Basic loc, iloc selection
- Column & Index number: df[["name", "street"]][:2]
- Column number & Index number: df.iloc[:2, :2]
- Column name & Index name: df[[211829, 320563], ['name', 'street']]
- Boolean Index w/ condition

Add & Drop

Column 변경하기
- Modify
  - df.columns = [modify_list]로 재정의
- Add
  - df['new_column'] = value or list or condition 조건문 or ( df['기존_column']를 이용한 수식/조작 )
  - df['new_column'] = df['기존_column'].apply(function)
  - pd.DataFrame(dict, columns=[ ])으로 재정의
  - df.insert(loc, column, value, allow_duplicates=False): DataFrame의 특정 위치에 열을 삽입하는 method
    - loc : 삽입될 열의 위치 (0번부터 정수형으로 시작)
    - column : 삽입될 열의 이름
    - val : 삽입될 열의 값
    - allow_duplicates : {True or False} 기본값은 False로 True일경우 중복 열의 삽입을 허용합니다.
- Delete
  - df.drop('column_name', axis=1, inplace= )
  - del df['column_name']: 원본 데이터까지 변경

titanic_df["Age_0"] = 0
titanic_df.head(3)

titanic_df["Age_by_10"] = titanic_df["Age"] + 10
titanic_df["Family_No"] = titanic_df["SibSp"] + titanic_df["Parch"] + 1
titanic_df.head(3)

Index 변경하기
- Modify
  - df.index = [modify_list]로 재정의
- Delete
  - df.drop('index_name', axis=0, inplace= )
  - df.drop('index_name'): axis를 굳이 명시 안하면 index 삭제
  - df.drop([0,1,2,3]): 한 개 이상의 index_name으로 drop

drop()

DataFrame.drop(labels=None, axis=0, index=None, columns=None, level=None, inplace=False, errors='raise')
axis: DataFrame의 row를 삭제하고 싶다면 axis=0, column을 삭제하고 싶다면 axis=1 으로 설정 (주로 사용)
inplace
- 원본 DataFrame은 유지하고 drop된 DataFrame을 새롭게 객체 변수로 받고 싶다면 inplace=False로 설정 (default 값이 False임)
  - titanic_df.drop('Age_0', axis=1, inplace=False)
  - titanic_df.drop([0,1,2], axis=0, inplace=False)
- 원본 DataFrame에 drop된 결과를 적용할 경우에는 inplace=True를 적용
  - titanic_df.drop('Age_0', a
  - xis=1, inplace=True)
  - titanic_df.drop([0,1,2], axis=0, inplace=True)
- 원본 DataFrame에서 drop된 DataFrame을 다시 원본 DataFrame 객체 변수로 할당하면(inplace=False로 해줘야함) 원본 DataFrame에서 drop된 결과를 적용할 경우와 동일 (단, 기존 원본 DataFrame 객체 변수는 메모리에서 추후 제거됨)
  - titanic_df = titanic_df.drop('Age_0', axis=1, inplace=False)
  - titanic_df = titanic_df.drop('Age_0', axis=1, inplace=True)는 반환값이 None

drop_duplicates()

drop_duplicates 메서드는 내용이 중복되는 행을 제거하는 메서드입니다.

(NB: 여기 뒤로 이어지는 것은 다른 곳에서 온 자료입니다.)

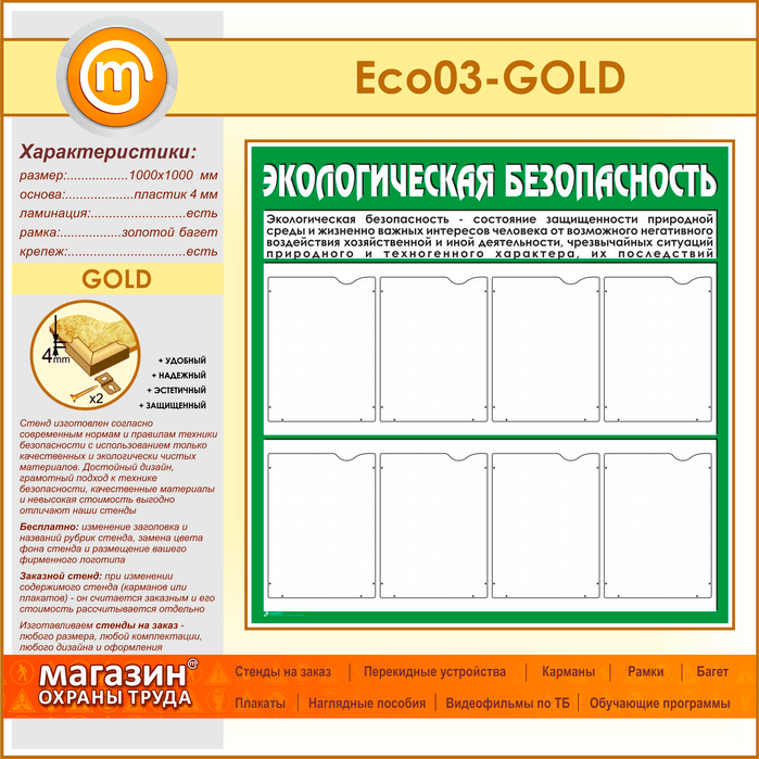 Стенд «Экологическая безопасность» с 8 карманами (ECO-03-GOLD) в Черкесске купить

df.drop_duplicates(subset=None, keep='first', inplace=False, ignore_index=False)

subset : 중복값을 검사할 열 입니다. 기본적으로 모든 열을 검사합니다.
keep : {first / last} 중복제거를할때 남길 행입니다. first면 첫값을 남기고 last면 마지막 값을 남깁니다.
inplace : 원본을 변경할지의 여부입니다.
ignore_index : 원래 index를 무시할지 여부입니다. True일 경우 0,1,2, ... , n으로 부여됩니다.

titanic_drop_df = titanic_df.drop("Age_0", axis=1)
titanic_drop_df.head(3)

titanic_df.head(3)

# 여러 개의 column들의 삭제는 drop의 인자로 삭제 column들을 list로 입력
# inplace=True일 경우 호출을 한 DataFrame에 drop 결과가 반영됨 & 이 때 반환값은 None

drop_result = titanic_df.drop(["Age_0", "Age_by_10", "Family_No"], axis=1, inplace=True)
print(" inplace=True로 drop 후 반환된 값:", drop_result)
titanic_df.head(3)

#  inplace=True로 drop 후 반환된 값: None

pd.set_option("display.width", 1000)
pd.set_option("display.max_colwidth", 15)
print("#### before axis 0 drop ####")
print(titanic_df.head(6))

titanic_df.drop([0, 1, 2], axis=0, inplace=True)
print("#### after axis 0 drop ####")
print(titanic_df.head(3))

titanic_df = titanic_df.drop("Fare", axis=1, inplace=False)
titanic_df

4. DataFrame Operations

pd.concat

pd.concat([df1, df2, df3, ...], axis=0, ignore_index=False, join='outer')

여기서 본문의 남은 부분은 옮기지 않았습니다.